977

The human retina is organized into layers of neurons that receive visual information and process it before sending it to the brain (Figure 45.20). Closest to the lens (and thus to light input) is a layer of ganglion cells; a central layer contains three neuronal types, bipolar cells, horizontal cells, and amacrine cells; and at the “rear” of the retina lie the photoreceptors (rods and cones).

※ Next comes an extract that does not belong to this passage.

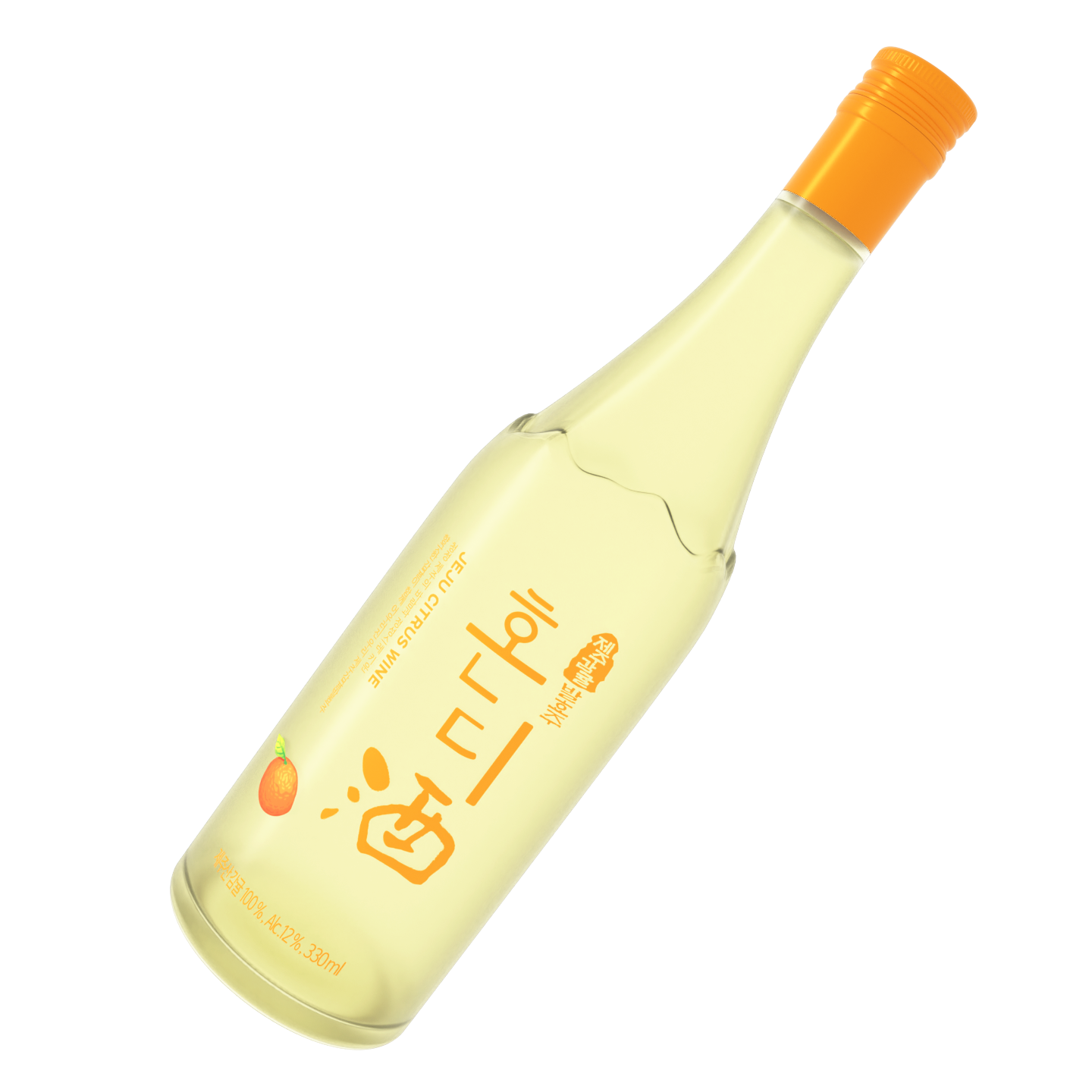일반적인 전통주와 차별화 하고 젊은 전통주의 이미지를 지향하기 위해 길고 부드러운 볼륨이 있는 형태의 병으로 디자인 하였습니다. 재질은 은은한 감귤의 향이 시각적으로도 느껴질 수 있도록 술이 은은하게 비치는 반투명 유리를 사용하였습니다. 병의 목 부분이 시작되는 곳에는 한라산의 능선을 표현하여 제주만의 지역적 상징성을 담았고, 로고와 패키지에 감귤의 컬러를 사용하여 친근한 이미지를 표현하였습니다.

The layers of cells between the photoreceptors and the ganglion cells process information about the visual field.

GANGLION AND BIPOLAR CELLS From our discussion of rod cells, you know that the photoreceptor cells at the back of the retina hyperpolarize in response to light and do not generate action potentials. The ganglion cells at the front of the retina do, however, fire action potentials. The axons of ganglion cells form the optic nerves that travel to the brain.

The ganglion cells are connected to the photoreceptors by bipolar cells. Changes in the membrane potential of rods and cones in response to light alter the rates at which the rods and cones release neurotransmitter at their synapses with the bipolar cells. In response to this neurotransmitter, the membrane potentials of the bipolar cells change, altering the rate at which they release neurotransmitter onto ganglion cells. The neurotransmitter release from the bipolar cells determines the rate at which ganglion cells fire action potentials. Thus the direct flow of information in the retina is from photoreceptor to bipolar cell to ganglion cell. The ganglion cells send the information to the brain via the optic nerves.

Each human eye contains about 1.2 million ganglion cells but more than 100 million rods and cones. Therefore there must be convergence of information as it passes from the photoreceptors to the ganglion cells. A given bipolar cell can receive input from multiple rods or multiple cones, but not from both. The relationship between photoreceptors, bipolar cells, and ganglion cells depends on their location on the retina. In the fovea, a ganglion cell may receive input from as few as five photoreceptors, but in the periphery of the retina, a ganglion cell may receive input from thousands of photoreceptors. Visual acuity is a reflection of these quantitative relationships.

The patch of photoreceptors that communicates with a ganglion cell forms a circular receptive field. When light falls on a receptive field, its ganglion cell can be either excited or inhibited. As mentioned above, each ganglion cell sends an axon to the brain in the optic nerves. Thus the information coming from the retina to the brain is about the pattern of patches of light and dark falling on the retina. We’ll return to a discussion of how the brain constructs the visual field from the input from receptive fields in Chapter 46.

HORIZONTAL AND AMACRINE CELLS The other two cell layers, the horizontal cells and the amacrine cells, consist of interneurons that communicate laterally across the retina. Horizontal cells form synapses with neighboring photoreceptors and bipolar cells. Thus light falling on one photoreceptor can influence the sensitivity of its neighbors to light. This lateral flow of information enables the retina to sharpen the perception of contrast between light and dark patterns. Amacrine cells form local interconnections between bipolar cells and ganglion cells. Some amacrine cells are highly sensitive to changing illumination or to motion. Others assist in adjusting the sensitivity of the eyes according to the overall level of light falling on the retina. When background light levels change, amacrine cell connections to the ganglion cells adjust the range of intensities to which they are sensitive. Thus even with large changes in background illumination such as going from outdoors into a building, the eyes are still sensitive to small, rapid changes in the pattern of light falling on the retina. The light reflected from this page can vary by nine orders of magnitude (1,000,000,000-fold) between a sunny outdoor environment and a moonless night. Even though our eyes function best over a light-intensity range of only two orders of magnitude, modulation by amacrine cells can rapidly shift that functional range to accommodate a wide range of light intensities.